The EAT stated, at paragraph 72:
"Wallace and Marshall were both argued on the simplistic basis that the mere fact that a single individual woman was able to compare herself with a single individual man was enough to impose an obligation on the employer to justify the differential."
They stated that the argument, different from that on the present facts, was only possible because of the peculiar machinery in the 1970 Act. That appears to me to reflect the limited value which can be placed on the sentence in the speech of Lord Nicholls in Marshall on which Buxton LJ placed particular reliance at paragraph 110 of his judgment (Gibson, paragraph 49). It is not, however, necessary in my judgment to go further into the nuances which arise from the earlier cases and from what may arguably be a gloss put upon them in the case of Armstrong.
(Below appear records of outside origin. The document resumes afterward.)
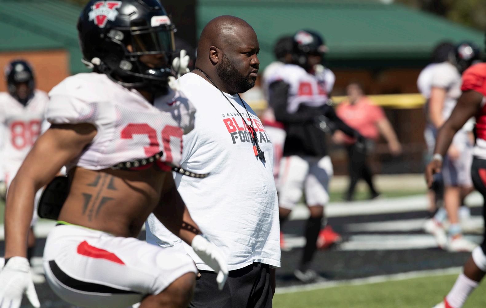 In year two at the helm, Jackson led Valdosta State to the Gulf South Conference championship, becoming the first black coach in conference history to win the title, and was the only non-HBCU black coach to win a conference championship in 2023. The Blazers closed out the regular season with a 10-1 record, Jackson’s first 10win season as a head coach, which was capped off with a 58-28 victory over West Georgia in the final installment of the Peach Basket.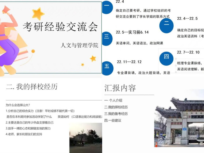 办一场学长学姐经验分享会。为帮助同学们打破考研信息差,充分认识了解考研赛道规律,4月19日至20日,学院邀请2023届考研成功的优秀学子举办考研经验交流线上分享活动。通过活动,同学们不仅学习到实用的考研经验,还从学长学姐榜样身上汲取了奋进力量。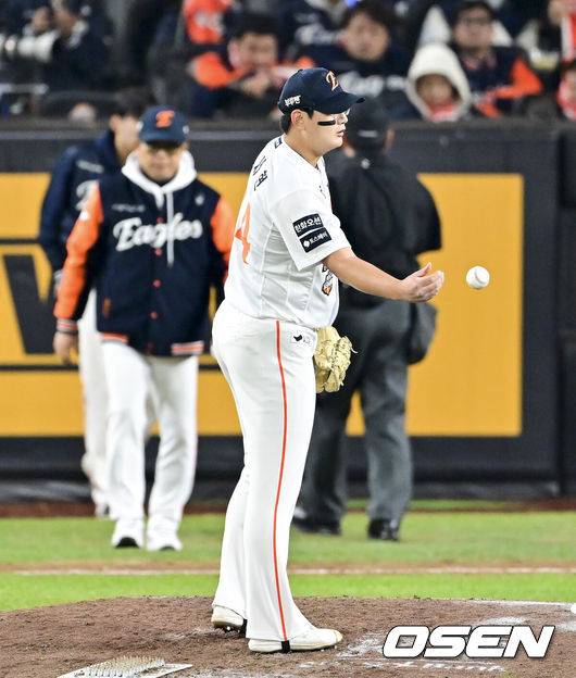 마무리를 맡은 첫 시즌인 올해 33세이브를 거두며 한화가 2위에 오르는 데 크게 기여한 김서현이지만 후반기 들어 흔들리기 시작했다. 시즌 마지막 경기였던 지난 1일 문학 SSG전에서 9회 2사 후 현원회, 이율예에게 연속 투런 홈런을 맞고 끝내기 패배를 허용하며 고개를 숙였다. 한화의 정규시즌 1위 가능성이 사라진 날로 팀 전체가 상당한 충격을 받은 경기였다.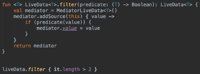 1. Объявляется extension-функция на классе LiveData, которая принимает функциональный тип как параметр.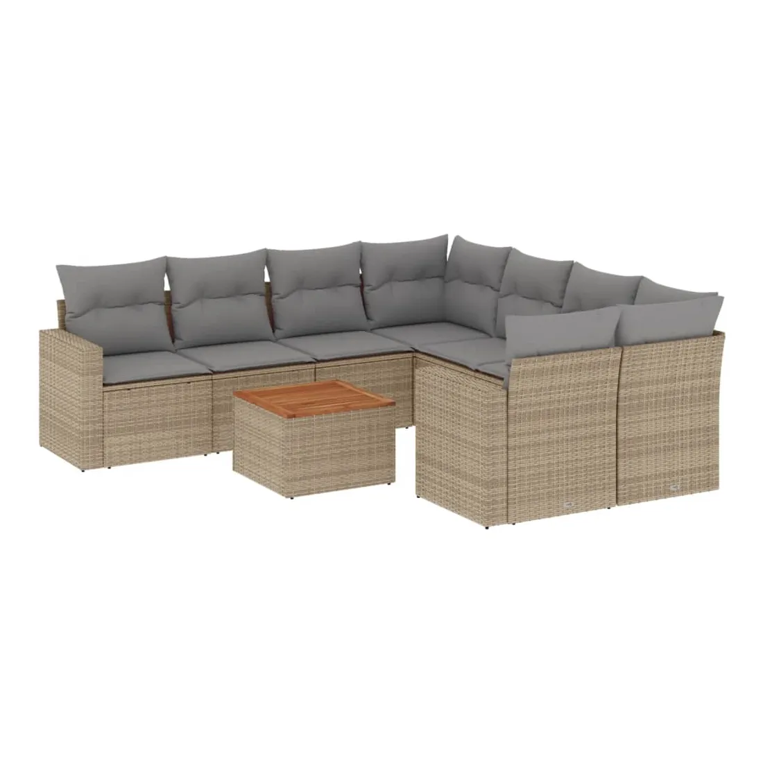 Cet ensemble de canapés de jardin est le complément parfait de votre arrière-cour, terrasse ou patio, offrant un espace confortable et accueillant pour discuter avec la famille et les amis ou simplement se détendre et profiter de l'extérieur. Matériau durable : la résine tressée, également connue sous le nom de poly rotin, est un matériau synthétique solide et nécessitant peu d'entretien qui ressemble au rotin naturel. Il est léger, facile à nettoyer et couramment utilisé pour les meubles d'extérieur en raison de sa durabilité et de ses propriétés de résistance aux intempéries.Expérience d'assise confortable : ce mobilier d'extérieur, doté de coussins épais, offre une expérience d'assise confortable.Dessus stable et facile à nettoyer : cette table de jardin a un dessus en bois d'acacia robuste, durable et facile à nettoyer avec un chiffon humide.Housse amovible et lavable : ces coussins de siège sont dotés de housses amovibles pour un lavage et un entretien faciles.Conception modulaire : cet ensemble de meubles d'extérieur a une conception modulaire, ce qui le rend complètement flexible et facile à déplacer, afin que vous puissiez créer un agencement de meubles d'extérieur personnalisé. Bon à savoir :Pour que vos meubles d'extérieur restent beaux, nous vous recommandons de les protéger avec une housse imperméable.

In my judgment, the employment tribunal were entitled to find that the case was a case covered by authority in favour of the claimants. The EAT, in their most detailed consideration of the issues and the decision of the tribunal, were entitled to reach the conclusion they did. They demonstrated, in my respectful view, an understanding of the issues which had arisen in the case. Like Smith LJ, it appears to me inevitable that the Armstrong principle could not be relied on in this case on the material available.
Lord Justice Sullivan:
"It is a pity that the Tribunal uses only the gender-neutral phrase "economically vulnerable group of workers"; but it is sufficiently clear that in its context that means "vulnerable because of the kinds of factor peculiar to women identified by the tribunal in Ratcliffe."